College baseball is back, and that means all the dramatics of sports are back too. The Georgia Bulldogs have played their first five games of the season and are already feeling that passion that is sometimes called chippiness. On Tuesday night, the Bulldogs traveled to Marietta to play the Kennesaw State Owls and found themselves in a trap game. The eighth-ranked Bulldogs found themselves down four early.
Along the way the team found themselves unhappy with the handling of the game. A few calls went against the Bulldogs and riled up the dugout. Then, in the seventh inning, head coach Wes Johnson was ejected arguing about a strike call.
“We needed something to get going,” said Johnson. “It got pretty chippy… I mean those kind of things come out in games like that.”
The Bulldogs did get going. The team, now down two late, responded emphatically. In the same inning, Slate Alford crushed a home run into deep left.
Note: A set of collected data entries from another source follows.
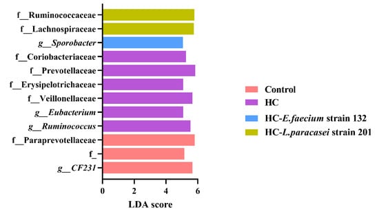 After FDR-adjustment, the abundances of Veillonellaceae, Eubacterium, Coriobacteriaceae, Erysipelotrichaceae, Prevotellaceae and Ruminococcus in the HC group were noticeably increased compared to their abundances in other groups (Figure 7). The LDA scores of CF231 and Paraprevotellaceae were significantly increased in the control group. The HC-L. paracasei strain 201 group showed a significantly higher proportion of Ruminococcaceae and Lachnospiraceae, and the abundance of Sporobacter was significantly increased in the HC-E. faecium strain 132 group (Figure 7).
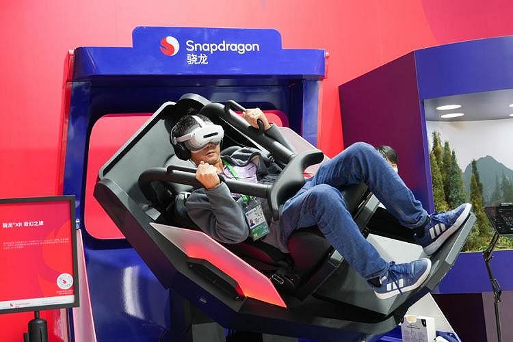 A visitor tries an XR device at the Intelligent Industry and Information Technology exhibition area of the eighth China International Import Expo (CIIE) in east China’s Shanghai, Nov. 6, 2025. (Xinhua/Zhang Ziyu)
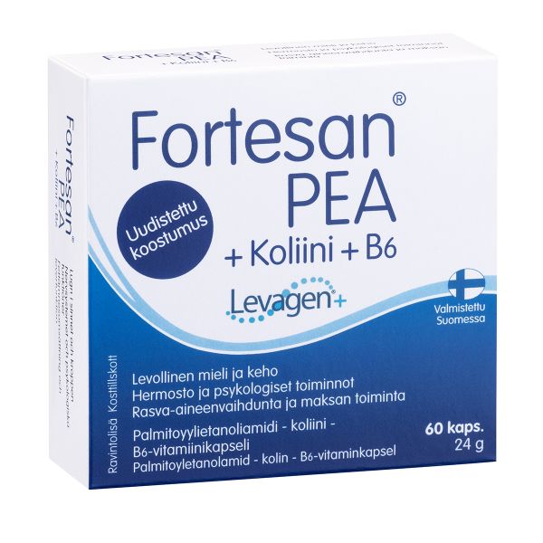 Fortesan® PEA + Koliini + B6 -ravintolisä sisältää patentoitua Levagen®+ palmitoyylietanoliamidia sekä sen vaikutusta täydentäviä koliinia ja B6-vitamiinia. Palmitoyylietanoliamidi eli PEA on rasvahappoamidi, jota keho tuottaa itse esimerkiksi urheillessa, tukien samalla suorituksesta palautumista. Se myös rentouttaa ja vaikuttaa positiivisesti unen laatuun.
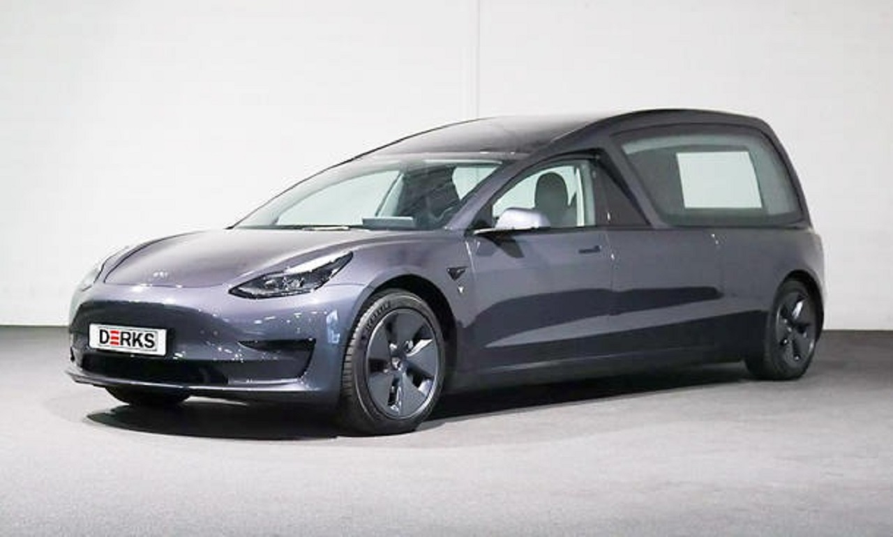 Un'azienda olandese ha trasformato una Tesla Model 3 in un carro funebre
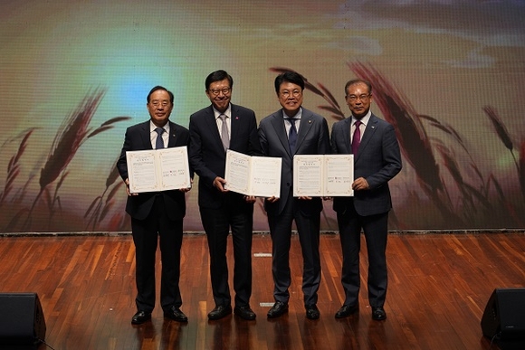(좌측부터) 26일 하윤수 교육감, 박형준 시장, 장제원 의원, 조병길 사상구청장이 ‘자율형 공립고 2.0 및 기숙형 중학교’ 설립 운영에 관한 업무협약을 체결하고 기념촬영을 하고 있다.(사진=부산시교육청 제공)
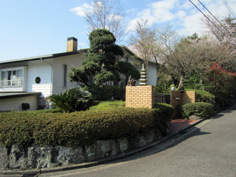 細い道に入ったら、交差点を順に、右折、左折して道なりに進みますと、右手に寂照院が見えます。

Despite still being down a run late, Alford watched his home run with pride and then pointed at the Owls’ pitcher before rounding the bases. The antics did not stop there.
In the bottom of the seventh, Davis Chastain had words for the opposing team’s dugout, which caused him to have to sit out the rest of the game with his head coach. Ryan Black, making his season debut, then crushed a home run of his own to tie the game in the eighth. The Bulldogs then pulled out a victory late, scoring two runs in the ninth and winning 6-4 in an emotional win.
Brian Curley, a talented pitcher for the Bulldogs, got in on the fun after throwing the game-winning strike, tossing his glove and talking to his dugout as they poured onto the field. Curley seemed pleased with the moment while recounting it the next day.
“I feel like that’s good for college baseball,” he said. “I’d say road games… it gets us stronger and closer than before.”
The opening road streak has now come to a close, and the Bulldogs will finally get to open up the new season at home this weekend. It will be a special opening home weekend, as the Dawgs will be showing off their newly renovated stadium for the first time in a doubleheader. It’s not hard to imagine that there will be more energy from these chippy Bulldogs as they host the University of Illinois Chicago.
“We got a lot of competitors on this team,” said Devin Obee. “But at the end of the day… just being able to like, control it and… have a control competitiveness.”
Controlling competitiveness will be crucial to any program trying to survive the cannibalistic SEC this season. The Bulldogs are off to a very interesting start.